TASK GOAL: Nothing but the records, transcribed exactly, should appear in the answer; leave the pictures out.

BEGIN AVAILABLE DATA

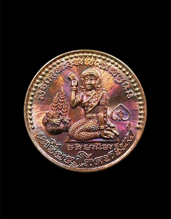 เหรียญโภคทรัพย์ "นางกวักหลังหนุมาน" หลวงพ่อวิชัย วัดหัวเด่น "เนื้อทองแดงผิวไฟ" หมายเลขสวยๆ ผิวรุ้ง
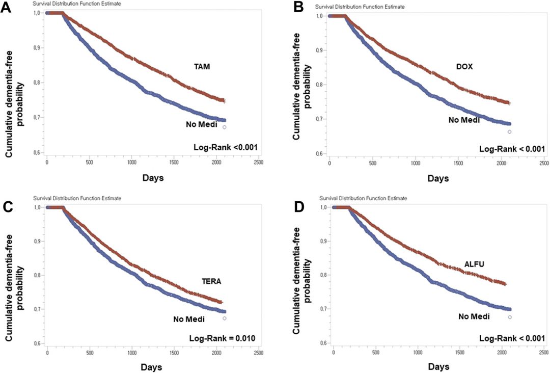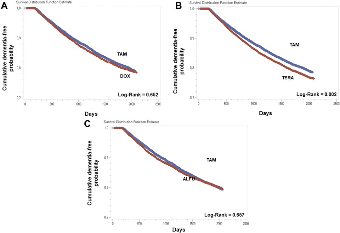 During a mean follow-up period of 1,580 (± 674.3) days, all inclusion and exclusion criteria were met by 59,472 patients with benign prostate hyperplasia. In the unadjusted cohort, the incidence of dementia in the tamsulosin, doxazosin, terazosin, alfuzosin, and no-medication cohorts were 17.96%, 18.55%, 20.64%, 17.62%, and 22.60%, respectively. After propensity score matching, the risk of dementia did not significantly differ between the tamsulosin cohort and the doxazosin [1.038 (0.960–1.121)] or alfuzosin [1.008 (0.925–1.098)] cohorts. The terazosin [1.112 (1.052–1.196)] cohort had a higher risk of dementia than the tamsulosin cohort. However, the risk of dementia was significantly lower in the terazosin cohort than in the no-medication cohort.
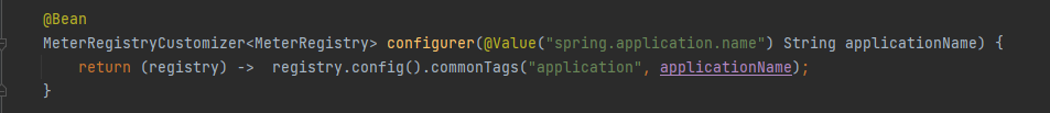 MeterRegistryCustomizer<MeterRegistry> configurer(@Value("spring.application.name") String applicationName) {
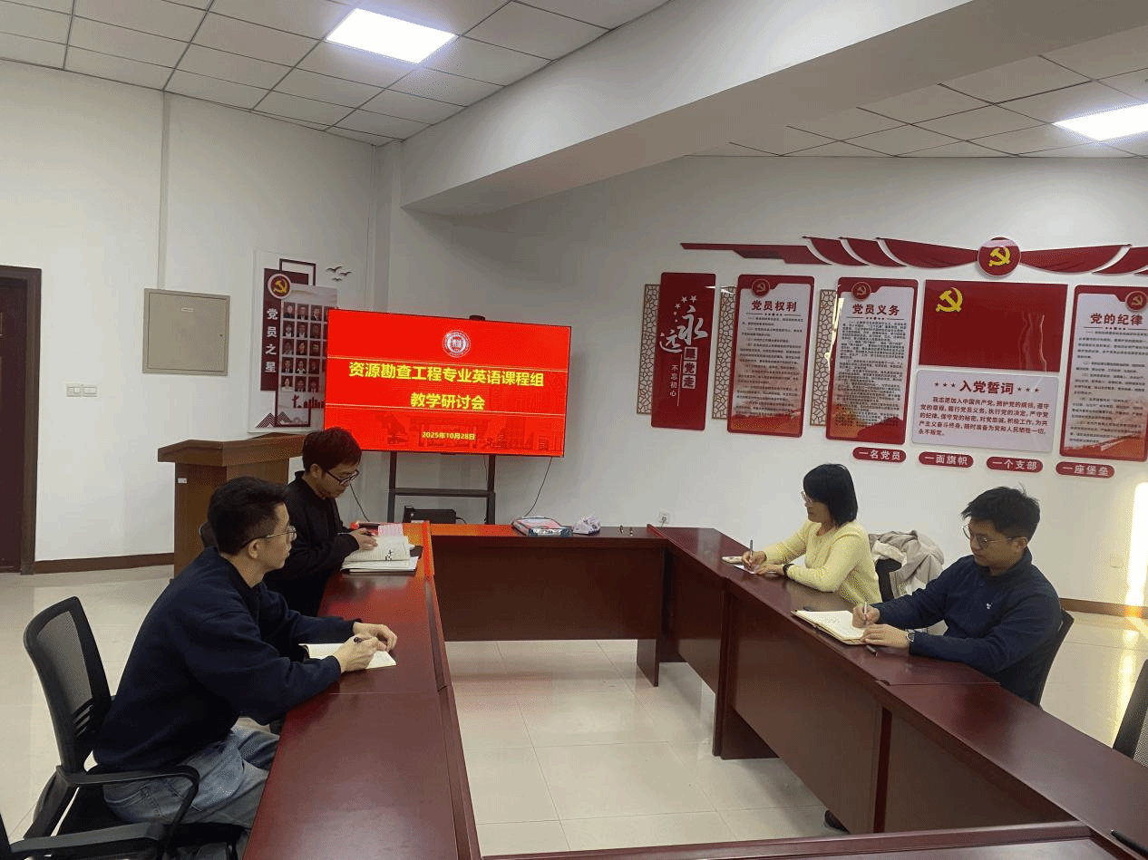 2025年10月28日,《资源勘查工程专业英语》课程教学团队在地科院610会议室举行教学研讨活动。课程组成员蒋飞、程丽娟、宋宪强、余博文参加,会议由蒋飞主持。
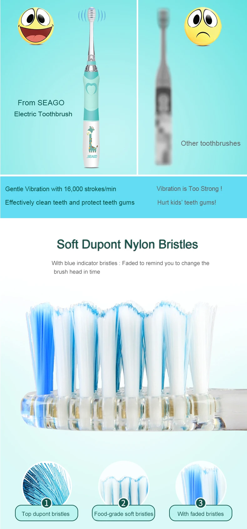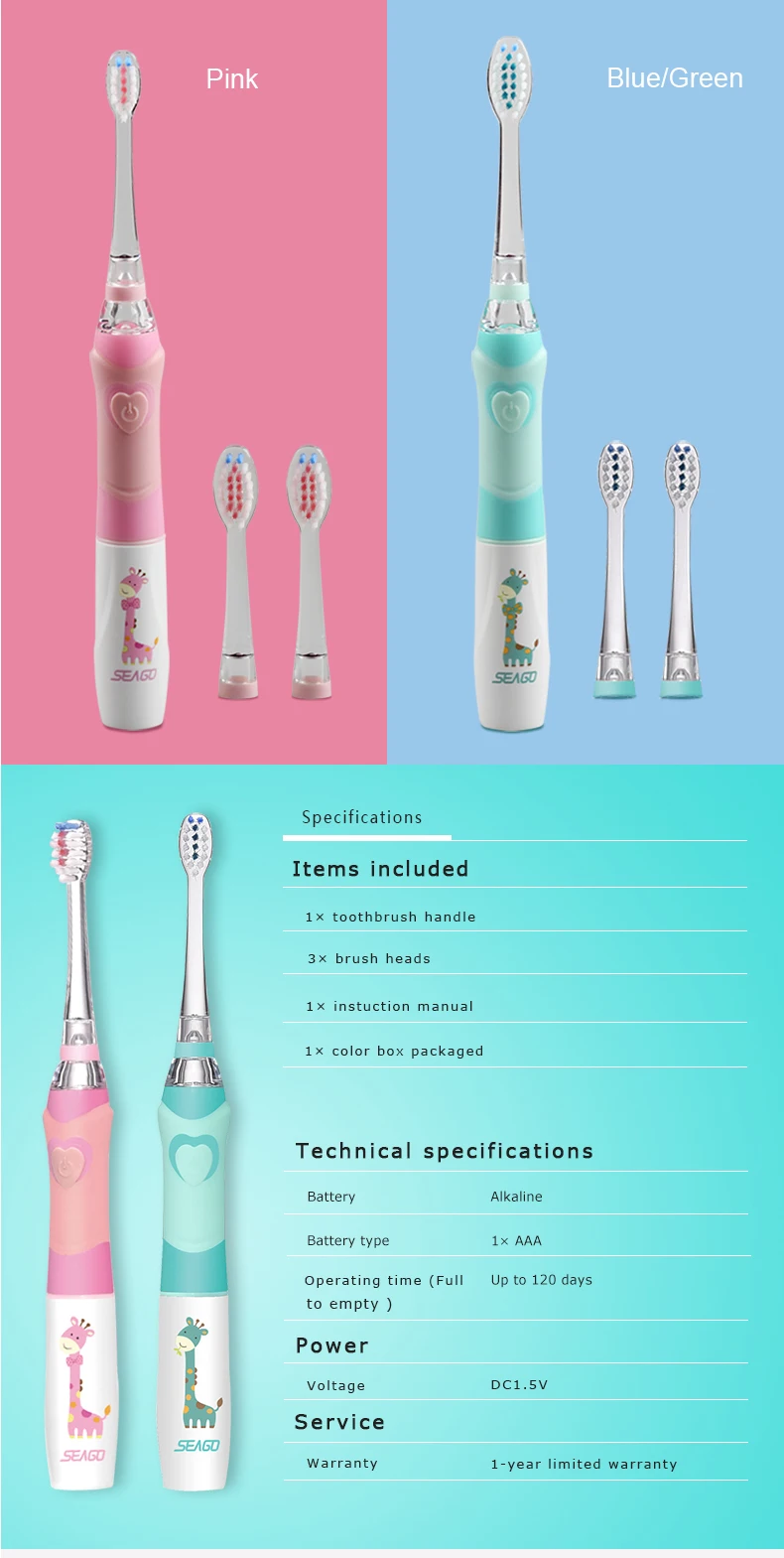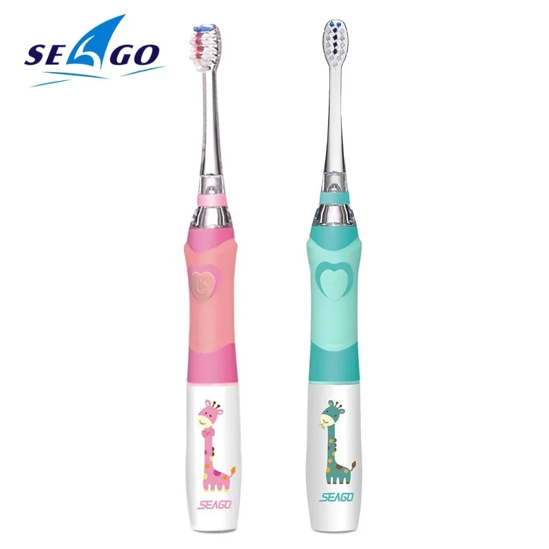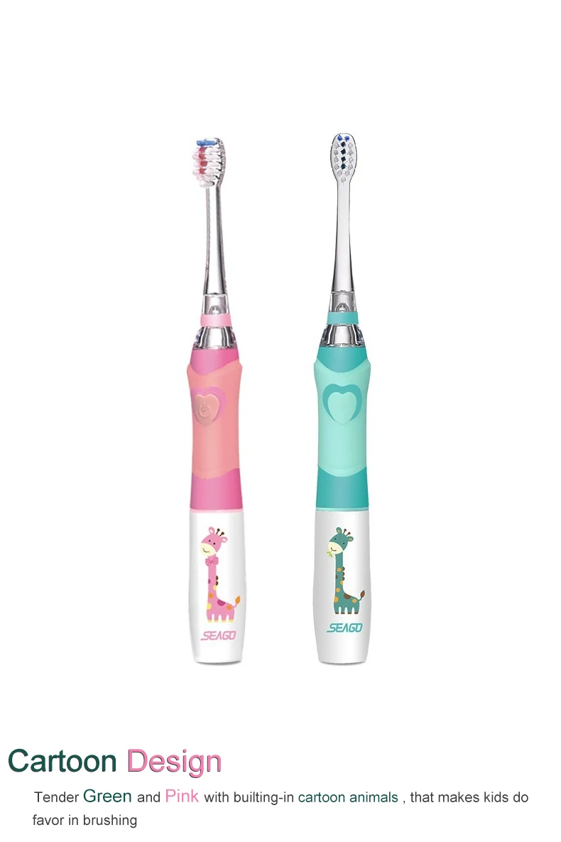 Зубная щетка SEAGO Детская электрическая, розовая, зеленая, со светодиодной подсветкой и умным таймером, 2021

END AVAILABLE DATA

RESULT OF THIS TASK:
 เหรียญโภคทรัพย์ "นางกวักหลังหนุมาน" หลวงพ่อวิชัย วัดหัวเด่น "เนื้อทองแดงผิวไฟ" หมายเลขสวยๆ ผิวรุ้ง
 During a mean follow-up period of 1,580 (± 674.3) days, all inclusion and exclusion criteria were met by 59,472 patients with benign prostate hyperplasia. In the unadjusted cohort, the incidence of dementia in the tamsulosin, doxazosin, terazosin, alfuzosin, and no-medication cohorts were 17.96%, 18.55%, 20.64%, 17.62%, and 22.60%, respectively. After propensity score matching, the risk of dementia did not significantly differ between the tamsulosin cohort and the doxazosin [1.038 (0.960–1.121)] or alfuzosin [1.008 (0.925–1.098)] cohorts. The terazosin [1.112 (1.052–1.196)] cohort had a higher risk of dementia than the tamsulosin cohort. However, the risk of dementia was significantly lower in the terazosin cohort than in the no-medication cohort.
 MeterRegistryCustomizer<MeterRegistry> configurer(@Value("spring.application.name") String applicationName) {
 2025年10月28日,《资源勘查工程专业英语》课程教学团队在地科院610会议室举行教学研讨活动。课程组成员蒋飞、程丽娟、宋宪强、余博文参加,会议由蒋飞主持。
 Зубная щетка SEAGO Детская электрическая, розовая, зеленая, со светодиодной подсветкой и умным таймером, 2021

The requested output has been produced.